Ryu Gwan-sun, a renowned female independence activist, died here at the age of 19, from malnutrition and complications from repeated torture. Many of the prisoners at Seodaemun died from such complications.
The underground cells for women were buried under concrete by the Japanese at the end of World War II; they were discovered much later, and restored when Seodaemun was made into a park in 1992.
After the liberation of Korea in 1945, Seodaemun’s name was changed to Seoul Prison. It became Seoul Jail in 1961, and Seoul Detention House in 1967. In 1987, the prison was relocated to the city of Uiwang in Gyeonggi province. Much of the prison has been restored since then. An octagonal watchtower remains intact; of the wall that originally surrounded the prison, about a quarter still remains.
There are seven main prison buildings at Seodaemun, which could hold up to 500 inmates.

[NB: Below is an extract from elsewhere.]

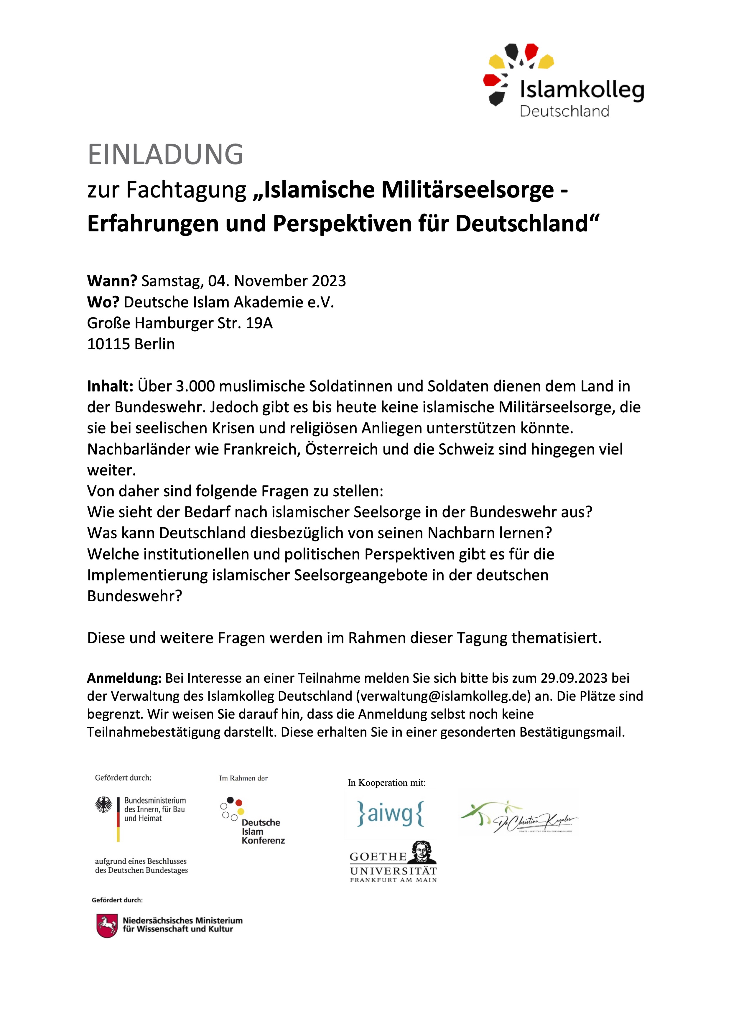 Einladung zu einer Fachtagung des Islamkolleg Deutschland (IKD) zur Islamischen Militärseelsorge in Berlin am 04. November 2023

The buildings are laid out in a “T” shape, which made it easier for the prison supervisor to monitor activity from the center.
The largest building was constructed in 1915, designed by a Japanese architect who had been a prison chief in Japan. It has long corridors, lined with small cells facing one another.
The layout of this part of the compound was built with the specific purpose of confining political dissidents. During World War II, however, part of it was used to manufacture goods for Japan’s military, using inmates as laborers.
One building is called the “leper’s building”; it was reserved for inmates with infectious diseases. Moving past it, following the path, one comes to a building that was used for executions, surrounded by red brick walls about five meters high.
Inside the building is a wooden chair and a dangling noose. In front of the gallows was a couch for witnesses. A secret tunnel leads from the gallows to the public cemetery outside the prison.
Beside the path to the execution building is a poplar tree, where inmates being led to the gallows were allowed to stop for a moment’s lamentation. A legend has it that this tree has never grown to its full capacity because of the tormented spirits of those who were executed a few steps away.


by Park Soo-mee

To get to Seodaemun Prison, take subway line No. 3 to Dongnimmun Station and use exit 5. Admission is 1,500 won for adults, 500 won for children.
English tours are available if booked in advance; some of the text accompanying the exhibits is in English.